= Tram track (medicine) =

Pattern seen in radiologic examinations

Tram tracks or tram-track signs are medical signs that bear some resemblance to tramway tracks.

==Pulmonology==
When found in the lungs, tram tracks are radiologic signs that are usually accompanied by pulmonary edema in cases of congestive heart failure and bronchiectasis. Tram tracks are caused by bronchial wall thickening, and can be detected on a lateral chest X-ray.

==Nephrology==
The term "tram tracks" is also used to describe the basement membrane duplication found on light microscopy that is characteristic of membranoproliferative glomerulonephritis (MPGN) type I. (It is less commonly associated with types II and III.)

==Neurology==
The term has also been used to describe findings associated with optic nerve sheath meningioma.

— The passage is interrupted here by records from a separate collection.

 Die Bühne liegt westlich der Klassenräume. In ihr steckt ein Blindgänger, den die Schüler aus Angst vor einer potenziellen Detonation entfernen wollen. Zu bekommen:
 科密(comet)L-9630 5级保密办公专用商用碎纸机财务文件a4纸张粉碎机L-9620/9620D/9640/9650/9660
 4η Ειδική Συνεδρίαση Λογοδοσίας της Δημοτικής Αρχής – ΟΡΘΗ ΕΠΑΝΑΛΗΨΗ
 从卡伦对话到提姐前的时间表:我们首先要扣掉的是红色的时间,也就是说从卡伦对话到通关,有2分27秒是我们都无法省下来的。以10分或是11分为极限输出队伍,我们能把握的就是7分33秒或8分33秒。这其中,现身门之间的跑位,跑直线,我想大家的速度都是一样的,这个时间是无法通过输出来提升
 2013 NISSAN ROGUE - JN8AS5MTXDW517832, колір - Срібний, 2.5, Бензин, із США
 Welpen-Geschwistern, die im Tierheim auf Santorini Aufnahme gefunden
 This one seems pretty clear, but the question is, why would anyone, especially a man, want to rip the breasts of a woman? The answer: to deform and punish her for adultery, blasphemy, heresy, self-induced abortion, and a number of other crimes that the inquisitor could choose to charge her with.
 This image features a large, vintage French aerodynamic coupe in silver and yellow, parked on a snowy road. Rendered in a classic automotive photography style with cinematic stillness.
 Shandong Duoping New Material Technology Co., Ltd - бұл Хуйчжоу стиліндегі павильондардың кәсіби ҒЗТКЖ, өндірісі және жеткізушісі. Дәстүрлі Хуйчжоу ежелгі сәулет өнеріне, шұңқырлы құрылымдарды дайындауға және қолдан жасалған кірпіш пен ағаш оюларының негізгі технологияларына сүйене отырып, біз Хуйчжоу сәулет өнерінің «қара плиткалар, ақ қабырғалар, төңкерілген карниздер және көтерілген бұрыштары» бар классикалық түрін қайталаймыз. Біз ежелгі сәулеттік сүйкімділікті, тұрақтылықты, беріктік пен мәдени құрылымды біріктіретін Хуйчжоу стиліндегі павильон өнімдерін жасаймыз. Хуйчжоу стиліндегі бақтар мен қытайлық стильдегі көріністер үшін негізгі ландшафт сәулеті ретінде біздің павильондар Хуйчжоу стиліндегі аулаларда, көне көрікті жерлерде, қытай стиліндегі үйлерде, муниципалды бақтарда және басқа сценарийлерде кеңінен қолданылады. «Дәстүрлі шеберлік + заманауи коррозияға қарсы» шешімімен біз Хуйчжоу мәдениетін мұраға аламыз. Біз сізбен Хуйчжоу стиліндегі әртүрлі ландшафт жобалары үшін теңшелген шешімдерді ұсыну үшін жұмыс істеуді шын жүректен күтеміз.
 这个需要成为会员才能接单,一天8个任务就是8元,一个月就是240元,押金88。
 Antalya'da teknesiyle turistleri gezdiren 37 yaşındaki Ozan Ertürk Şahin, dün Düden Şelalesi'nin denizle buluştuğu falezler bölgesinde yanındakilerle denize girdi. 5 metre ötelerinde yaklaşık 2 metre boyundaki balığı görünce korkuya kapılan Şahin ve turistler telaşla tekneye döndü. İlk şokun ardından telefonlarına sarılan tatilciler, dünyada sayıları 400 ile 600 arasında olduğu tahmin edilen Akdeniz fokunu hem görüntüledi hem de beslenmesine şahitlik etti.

In the orbit the sign is formed by two enhancing lines, made up of the optic nerve sheath and the surrounding tumour, on either side of the non-enhancing optic nerve. It is seen on contrast-enhanced CT and MRI, and is used to tell an optic nerve sheath meningioma apart from an optic nerve glioma. A glioma grows within the substance of the nerve, so the nerve and tumour are not distinct and the sign is absent. Calcification occurs in 20 to 50% of optic nerve sheath meningiomas, so the sign can also appear on non-contrast CT as a line of calcification around the nerve, though this is less common.

Tram track-shaped calcifications in the cerebral cortex indicate Sturge–Weber syndrome. where intracranial gyriform calcification (brain imaging) seen mostly in occipital and posterior parietal/temporal lobe; this syndrome consists triad of port wine stain, seizure(usually focal but may become generalized), eye manifestation(e.g., glaucoma).

==Mammary glands==
Tram track appearance in mammography/USG indicates Duct Ectasia.